1

131 13 7
                                    

//28 Desember 2018//

Terus bersembunyi, menutup diri dari dunia luar. Berperan mati, walaupun hidup. Mekar dalam ketakutan yang terasa abadi.

Ketika ia pikir hidupnya mulai membaik, ia terbuai. Seperti tipikal manusia yang melupakan Tuhan saat kebahagiaan datang.

Ia lupa jika pena Tuhan tak akan berhenti sampai akhir zaman.

Saat boneka-Nya telah menyelesaikan skenario lama, maka Dia akan memberikan skenario yang baru.

Skenario baru itu kini dimulai.

Semua berawal dari atensi penuh yang ia berikan kepada anak berpakaian kumal yang berdiri di depan gerbang kediamannya. Ia pikir salah seorang pelayan pasti akan menghampiri anak itu, namun setelah hampir sepuluh menit berlalu, anak itu masih berdiri di tempatnya. Lantas lewat sambungan telepon, akhirnya ia mengambil tindakan.

"Rottwel, seorang anak terus berdiri di depan gerbang rumah kita."

- - - - - - - - - - - - - - - - - - - -

Lavienne Whilshere.

Baginya menyandang nama bangsawan bukanlah anugrah yang patut ia syukuri.

Seperti bagaimana ia ingin membuang nama 'Whilshere', seperti bagaimana ia ingin membuang masa lalunya.

- - - - - - - - - - - - - - - - - - - -

Cemilan dan minuman hangat, juga mantel telah ia siapkan di atas meja. Atas permintaan sang nona yang berbaring di sebuah ruangan yang berbeda, Rottwel menjamu tamu cilik tak diundang dengan tangannya sendiri.

"Selamat sore. Duduklah," sapanya sebelum memulai pembicaraan.

"Te-terimakasih." Anak itu membalasnya dengan canggung.

"Siapa namamu?" tanyanya.

Anak itu menggerakkan bibirnya demi mengucapkan beberapa patah kata. "Na-namaku Shiloh, Tuan." Suaranya mencicit, mirip seperti tikus kecil yang terjepit di dalam jebakan.

Rottwel menatap lekat-lekat wajah anak itu. Agaknya ia bingung dengan kemiripan yang dimiliki oleh Shiloh dan nona muda yang disembunyiknnya.
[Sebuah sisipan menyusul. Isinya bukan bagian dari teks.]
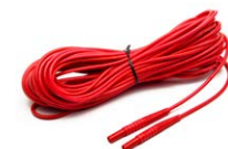
Cavo di prova per la misura dell'anello di guasto (terminale banana) 5 m / 10 m / 20 m
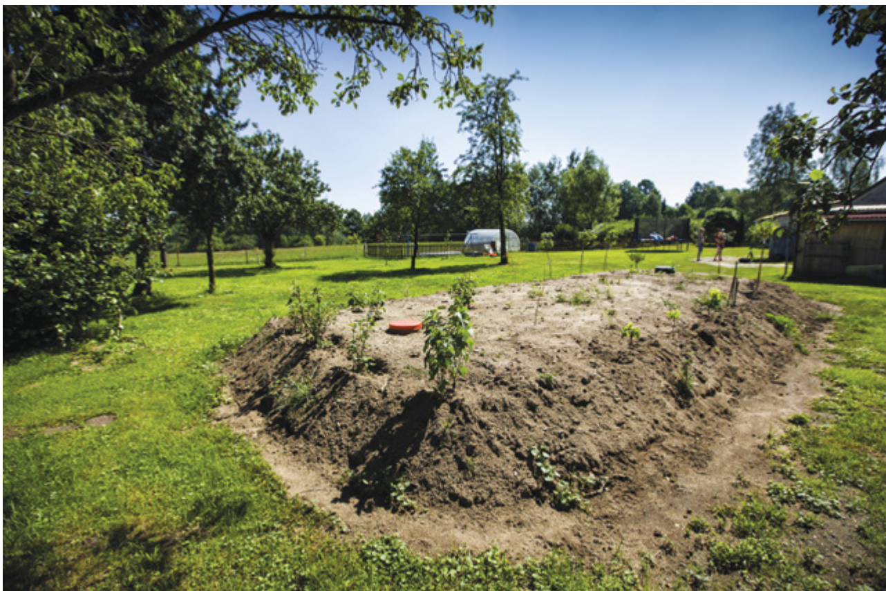
Čištění odpadních vod v obci Dvory nad Lužnicí, dotace: 1 270 000 Kč
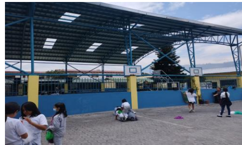
Imagen 21: I.E. Carmen Amelia Hidalgo
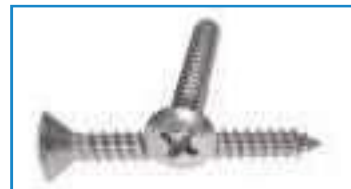
Vis tole tete fraisée bombée empreinte Phillips TFB PH ref 28142 Inox A2
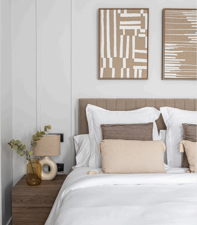
Fotos reales de inmueble con acabado similar
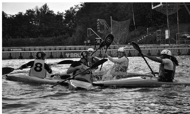
Francusko - niemiecki finał kobiet
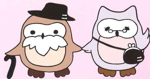
高齢者・障がい者総合支援センター「ゆとり～な」公式キャラクター ゆ～とさん り～なさん
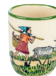
Tasse enfant Flurina avec chèvre 2.0 dl 39342
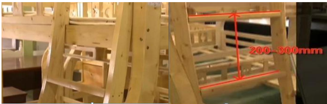
图5 双层床上下床梯子的脚踏板设计缺陷造成滑落风险

如果上下双层床梯子的脚踏板上下表面的间距过大，会增加使用者在上、下床过程中的风险，如踏脚板的宽度过小、脚踏板之间的距离不均匀等都有可能造成使用者踩空或者滑落，引发安全事故。
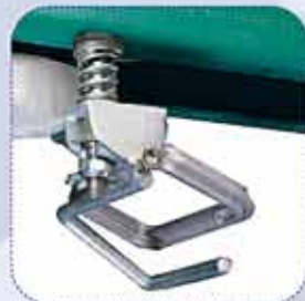
cod. 5439243102 - FÉK - Parking brake unit - Groupe frein de stat. - Feststellbremse - Freno de estacionamiento
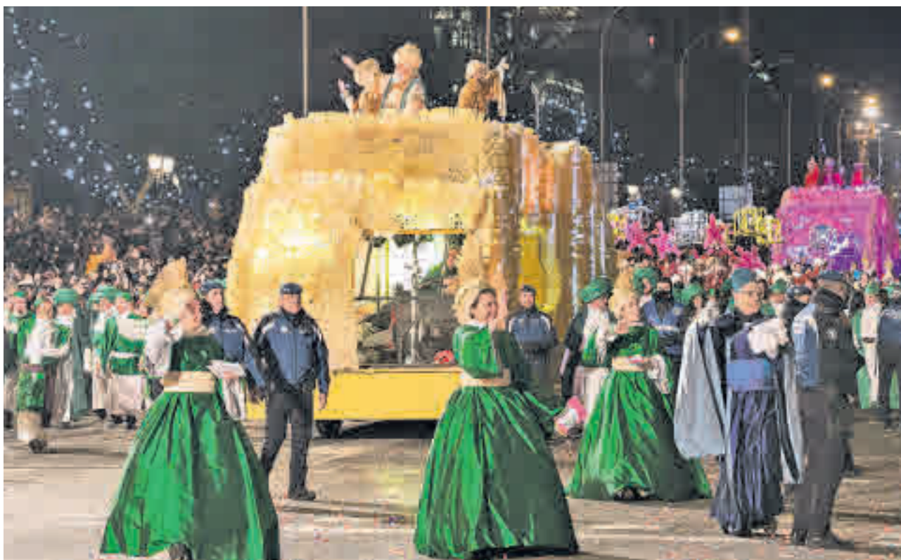
La carroza del Rey Melchor y su séquito, en su último recorrido por la capital
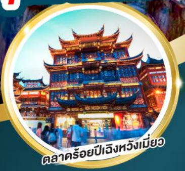
ตลาดร้อยปีเจิ้งหวงเหมี่ยว
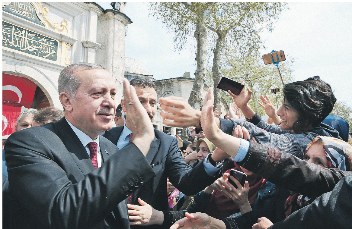
Референдум по переходу Турции на президентскую форму правления с парламентской завершился победой сторонников Эрдогана с незначительным перевесом голосов: за расширение полномочий президента проголосовали 51,41% избирателей, 48,59% — против
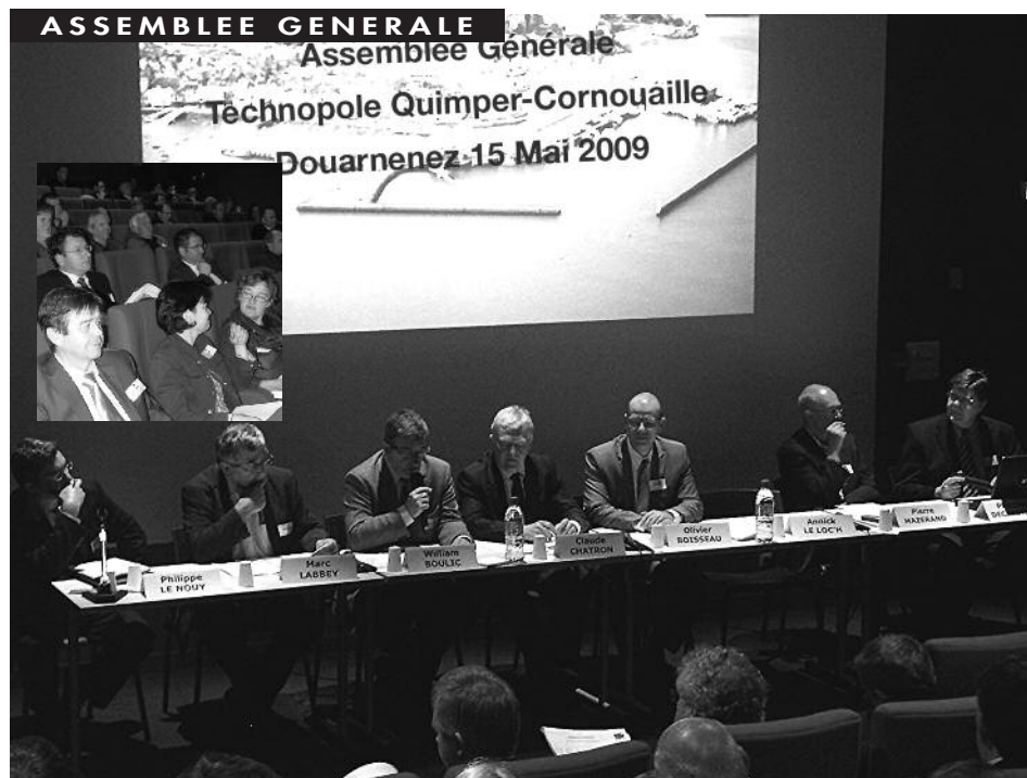
L'assemblée générale de la Technopole Quimper-Cornouaille s'est déroulée le 15 mai 2009 à la Médiathèque de Douarnenez
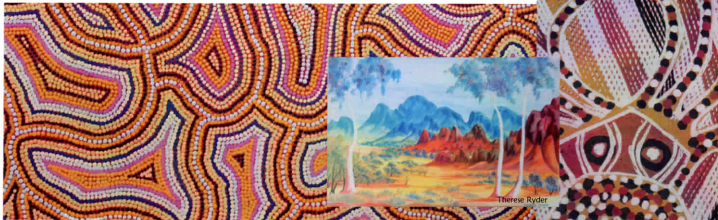
Detail Lola Napijinpa Brown
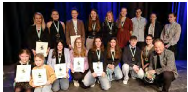
Erfolgreiches RSV-Team mit Landrat Robert Niedergesäß
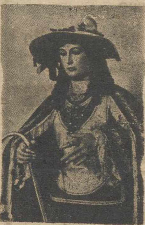
Nuestra Señora de Guadaluca, patrona de Guadalcanal.
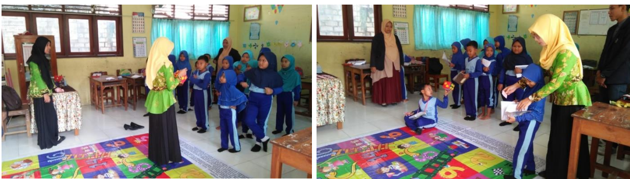
Gambar 2. Penerapan Ular Tangga Matematika dalam Pembelajaran di Kelas

Berdasarkan hasil wawancara yang dilakukan dengan guru, sebelumnya guru belum pernah melakukan pengajaran dengan menggunakan media pembelajaran alat permainan edukatif. Selama ini, guru hanya menggunakan metode pembelajaran langsung atau ceramah dan buku teks berhitung yang membuat siswa jenuh dan kurang antusias dalam kegiatan pembelajaran. Oleh karena itu, guru sangat antusias dengan adanya media ular tangga matematika ini karena dapat meningkatkan kemampuan berhitung siswa. Berikut ini adalah dokumentasi penerapan ular tangga matematika dalam pembelajaran di kelas.

Shiloh memiliki rambut coklat yang tebal seperti nonanya, alis penuh yang sedikit melengkung seperti nonanya, kelopak mata runcing dengan bola mata biru seperti nonanya. Ia juga memiliki tonsil mungil seperti nonanya, gigi kelinci yang mengintip malu di celah bibirnya -itu juga seperti nonanya-, dan kulit tan hangat yang juga seperti nonanya. Bila mereka disejajarkan, mungkin orang-orang akan mengira mereka adalah pasangan ibu dan anak, atau kakak dan adik.

"Tuan?"

Rottwel mengerjabkan matanya sekali. "Nah, aku melihatmu berdiri di depan gerbang rumah cukup lama-," ujarnya. "-dan itu terlalu dangkal untuk disebut sebagai sebuah kebetulan." sambungnya.

"I-itu ...." Shiloh bergumam.

"Ku harap kau tidak keberatan mengatakan maksud kedatanganmu, atau kedatanganmu akan menjadi sia-sia." ujar Rottwel dengan senyum simpul di bibirnya.

"U-uh ... itu ..."

"Itu?"

Shiloh menundukan wajahnya dalam-dalam. "Tu-Tuan Levi ... memintaku untuk membawa No-nona Lavienne kehadapannya."

Pernyataan itu berhasil mengejutkan Rottwel. Untungnya keterkejutan itu berhasil ia atasi dengan cepat sebelum Shiloh menyadarinya. "Maaf Shiloh, tak ada yang bernama Lavianne di sini, bahkan aku juga tak mengenal 'Tuan Levi' yang kau sebutkan tadi."